Show HN: Hyperparam: OSS Tools for Exploring Datasets Locally in the Browser
29 platypii 16 5/1/2025, 2:06:55 PM hyperparam.app ↗
For the last year I’ve been developing Hyperparam — a collection of small, fast, dependency-free open-source libraries designed for data scientists and ML engineers to actually look at their data.
- Hyparquet: Read any Parquet file in browser/node.js
- Icebird: Explore Iceberg tables without needing Spark/Presto
- HighTable: Virtual scrolling of millions of rows
- Hyparquet-Writer: Export Parquet easily from JS
- Hyllama: Read llama.cpp .gguf LLM metadata efficiently
CLI for viewing local files: npx hyperparam dataset.parquet
Example dataset on Hugging Face Space: https://huggingface.co/spaces/hyperparam/hyperparam?url=http...

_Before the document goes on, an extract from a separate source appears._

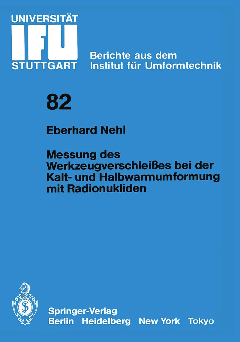 Inhalt 1 Einleitung.- 2 Stand der Kenntnisse und Aufgabenstellung.- 3 Verschleiß.- 3.1 Grundlagen.- 3.2 Verschleiß bei der Massivumformung.- 4 Kurzzeit-Verschleißprüfverfahren.- 4.1 Allgemeines.- 4.2 Verschleißmessung mit der Neutronenaktivierungsanalyse.- 4.3...

No cloud uploads. No backend servers. A better way to build frontend data applications.
GitHub: https://github.com/hyparam Feedback and PRs welcome!
> This stems from an industry-wide realization that model performance is ultimately bounded by data quality, not just model architecture or hyperparameters.
Generally we think of model architecture + weights (parameters) as making up the model itself, and hyperparam(s|eters) are the more relevant to how one arrives at those weights -- and for this reason are more relevant to the efficacy of training than the performance of the resultant model.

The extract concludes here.